The benchmark establishes a new standard for future predictive evaluation studies, supporting fine-grained ablation of system, task, and scenario variables. Architecturally, the findings imply that generic multi-agent scaffolding, while attractive for complex scientific workflows, cannot match the performance of domain-specific, expert-aligned orchestration under evidence scarcity. This insight has direct ramifications for the design of robust evaluation planning tools intended for deployment in under-benchmarked settings.

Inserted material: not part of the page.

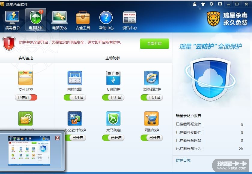 1、模拟瑞星没有入库的情况下,关闭文件监控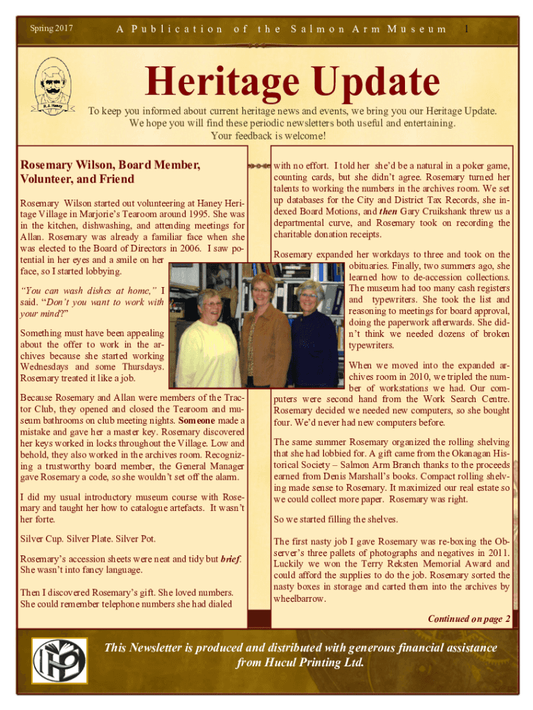 Spring 2017A P u b l i c a t i o no ft h eS a l m o n A r m M u s e u m1Heritage Update To keep you informed about current heritage news and events, we bring you our Heritage Update. We hope you will

Given the modular extensibility of the system and the benchmark’s clear separation of accessible evidence versus held-out ground truth, further research directions include:

Integration with open-source and smaller LLM backbones to test architecture generality beyond GPT-4.1.
Extension to multimodal and dialogue evaluation, where literature evidence is even more heterogeneous.
Automated meta-learning of feature selection and orchestration paths, leveraging the structured traces produced by the agentic system.
Exploration of calibration and uncertainty quantification, especially in regions of the TML space with extreme evidence deprivation.

Conclusion

Litmus (Re)Agent operationalizes structured, agentic reasoning for predictive multilingual evaluation, demonstrating state-of-the-art results in controlled evidence-sparse settings. The combination of dynamic hypothesis decomposition, rich feature modeling, and citation-grounded aggregation enables both robust numeric and comparative prediction for unseen TML triples, advancing the methodology of multilingual evaluation planning and predictive performance estimation under real-world resource constraints (2604.08970).